Usai buang air kecil, ia melangkah ke wastafle untuk mencuci tangan. Namun, seseorang membekap dan menaruh pisau di lehernya—menarik tubuh Willy untuk masuk kembali ke bagian dalam toilet. Dalam pantulan kaca tadi, Willy tidak bisa melihat wajah orang yang di belakang karena tertutup masker hitam dan topi yang sengaja dibuat hampir menutup mata.
Keringat mulai mengucur di dahi. Ia takut jika pisau yang berjarak beberapa senti itu menggores leher dan hidupnya pun berakhir sampai di sini. Penjahat itu melepaskan bekapannya, tetapi beralih mengapit leher Willy, lantas berbisik untuk tidak berbicara karena di luar terdengar dua orang sedang mengobrol.
"Dengarkan perintah ini. Gue minta laporan visum pasien atas nama Amira dipalsukan. Buat seolah dia mengalami kecelakaan," ucapnya dengan suara yang terdengar berat.
"Ta-tapi, yang melakukan visum nanti bukan saya, ada petugas lain," sahut Willy sembari terus mengatur napas.
"Gue gak mau tahu. Kalo enggak, lu bakalan mati. Usahakan yang melakukan visum lu sendiri. Paham?"
Ancaman itu membuat Willy memejamkan mata sejenak, lalu mengangguk pelan. Kini apitan pada leher sang dokter pun terlepas. Pria itu keluar dari toilet, sementara Willy masih mematung—merasakan otot kakinya yang terasa lemas, juga tenggorokan yang mendadak kering.
***
"Begitu ceritanya, Ann," ucap Willy saat selesai menceritakan kejadian di toilet tadi. Ia langsung meneguk air putih yang memang sudah tersedia di mejanya. Entah habis berapa gelas karena sedari tadi, pria itu belum berhenti minum.

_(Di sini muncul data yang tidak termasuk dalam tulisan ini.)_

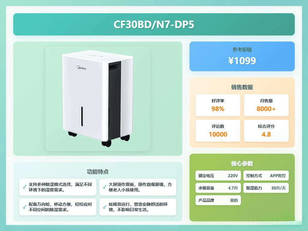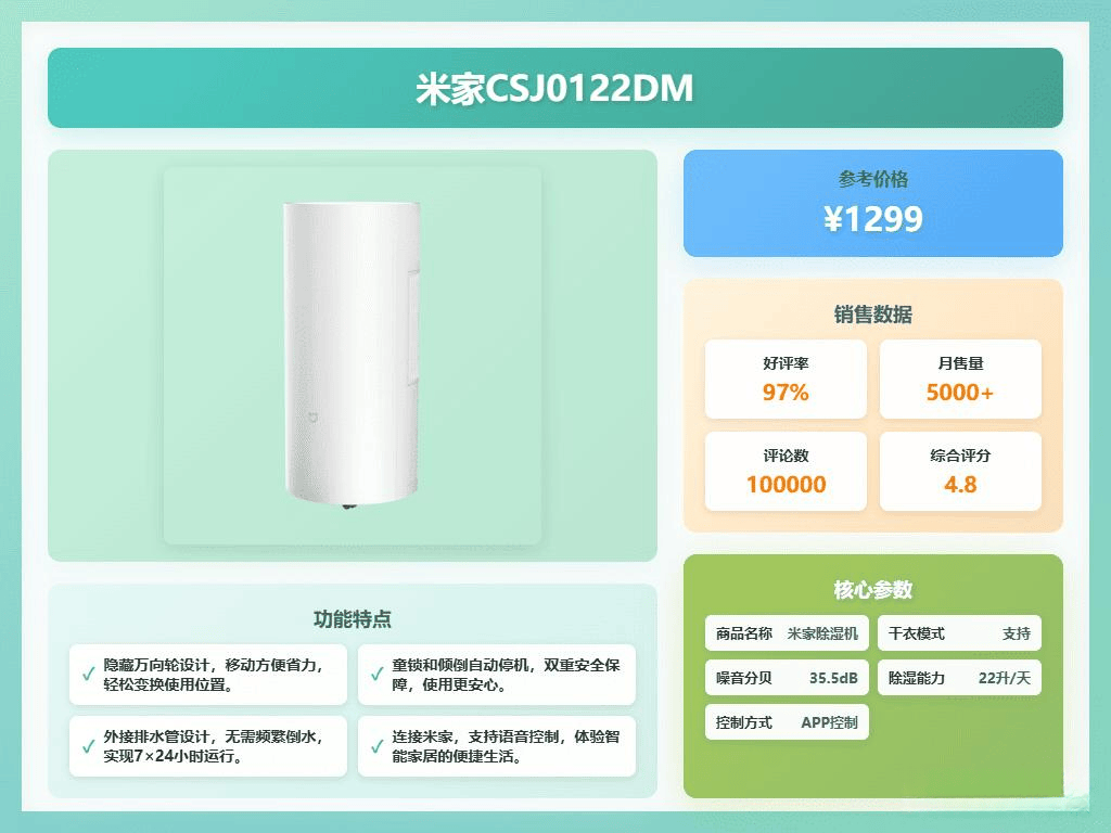 亮点:湿度监控、水满停机、万向轮设计

Sementara Suster Anna masih merasa bingung dengan kejadian yang menimpa rekannya. "Sepertinya ini kasus berat," cetusnya sembari menyimpan tangan di atas meja dan bersidekap.
"Iyalah, kalo udah melibatkan pengancaman, berarti bukan orang biasa. Mana mungkin aku ngajuin diri buat ngelakuin visum. Aku dokter umum, Ann. Kayaknya, polisi yang akan nunjuk sendiri petugas pemeriksaan untuk nanti. Sementara nama-nama dokter udah diserahin kemarin."

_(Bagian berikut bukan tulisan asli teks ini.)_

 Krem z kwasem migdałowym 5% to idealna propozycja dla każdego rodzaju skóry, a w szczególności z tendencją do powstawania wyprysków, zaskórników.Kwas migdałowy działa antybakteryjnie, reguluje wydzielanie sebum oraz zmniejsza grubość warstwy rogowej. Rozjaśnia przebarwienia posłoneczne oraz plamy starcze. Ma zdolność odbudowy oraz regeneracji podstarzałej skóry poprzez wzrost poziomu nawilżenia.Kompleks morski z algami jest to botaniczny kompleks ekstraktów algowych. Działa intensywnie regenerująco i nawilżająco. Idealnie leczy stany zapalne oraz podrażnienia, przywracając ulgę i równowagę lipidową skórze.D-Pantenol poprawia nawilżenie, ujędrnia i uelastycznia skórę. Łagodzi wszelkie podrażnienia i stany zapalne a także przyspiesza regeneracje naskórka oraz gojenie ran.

Anna merasa bingung harus berkomentar apa. Dia hanya memandang wajah kusut Willy yang terlihat begitu menegang dan penuh kecemasan. "Kalo aku yang ngajuin, bisa? Dengan alasan, Amira hanya percaya sama aku. Jadi kita bisa lakuin berdua."

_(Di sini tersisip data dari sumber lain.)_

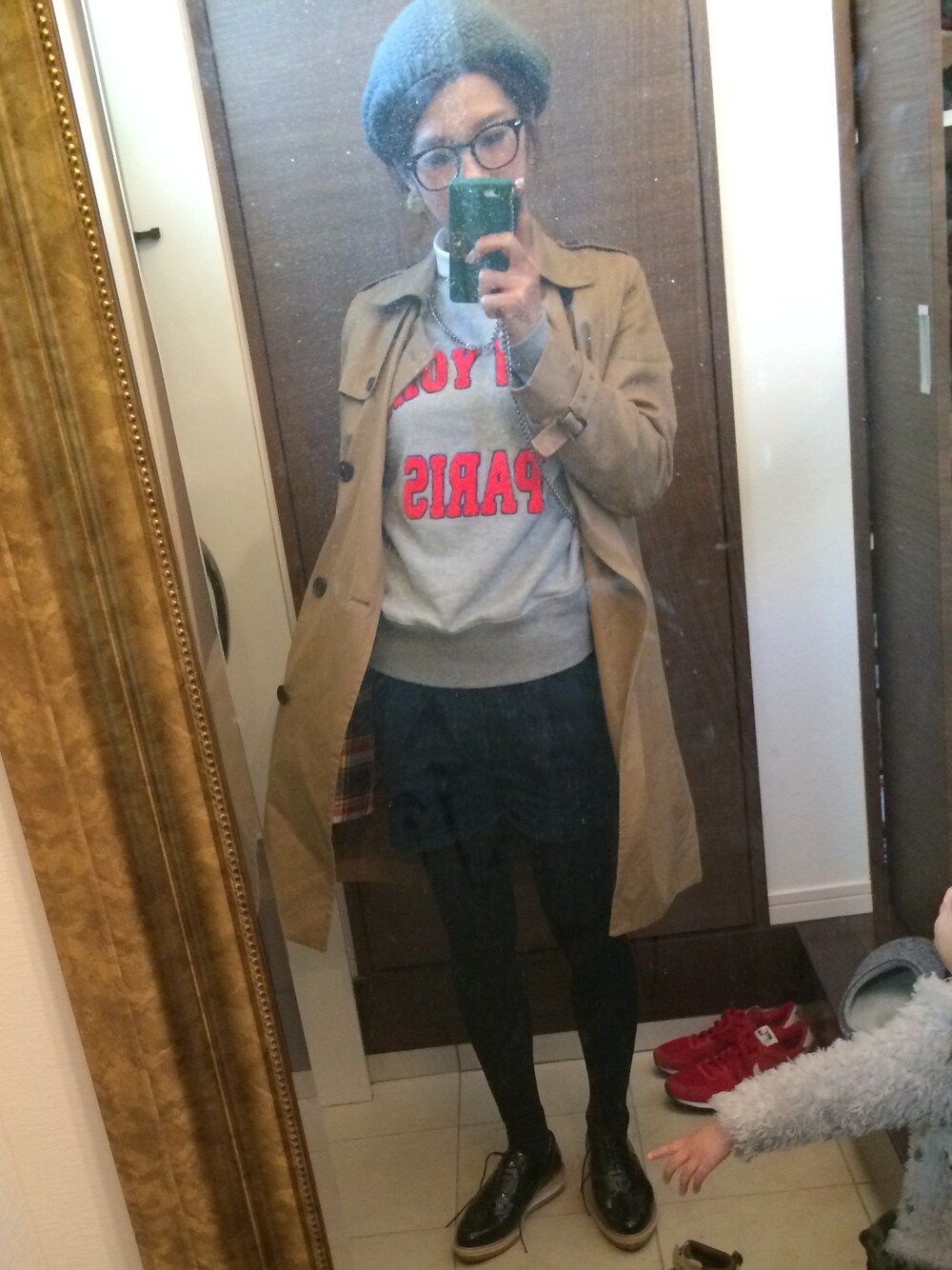 ベレー帽+伊達眼鏡+トレンチコート 好きな組み合わせ。

Willy berpikir sejenak, ia mengetuk-ngetuk meja menggunakan pulpennya. "Nanti masuknya bukan laporan visum, tapi laporan saksi yang pertama kali ditemui korban. Ujungnya akan ditolak."
Hening. Mereka kini fokus dengan pikiran masing-masing. Jika memenuhi permintaan penjahat, itu sama saja mereka melanggar sumpah kode etik yang diucapkan saat pertama kali bertugas. Sementara kalau sampai menukar hasil visum, mereka akan kena pasal pidana kasus kejahatan tentang pemalsuan dokumen.
"Siapa pun yang melakukan visum nanti, laporan asli tetap harus diserahkan ke polisi. Gak mungkin, kan, kita melanggar sumpah?" Ucapan Anna terdengar lemas, ia hanya takut pikiran Willy untuk mendampingi Amira sampai kasusnya selesai goyah oleh ancaman ini.
Namun, orang yang ditanya hanya terdiam dengan posisi kepala bersandar pada kursi. Ia memainkan kursi yang memiliki roda itu ke kanan dan kiri. Willy merasa gamang, harus memberi jawaban apa. Ia masih ingin hidup, bahkan ada seorang ibu yang harus dibahagiakan. Pria itu yakin, teror bukan hanya untuk kali ini saja, pasti akan ada teror lainnya di depan sana.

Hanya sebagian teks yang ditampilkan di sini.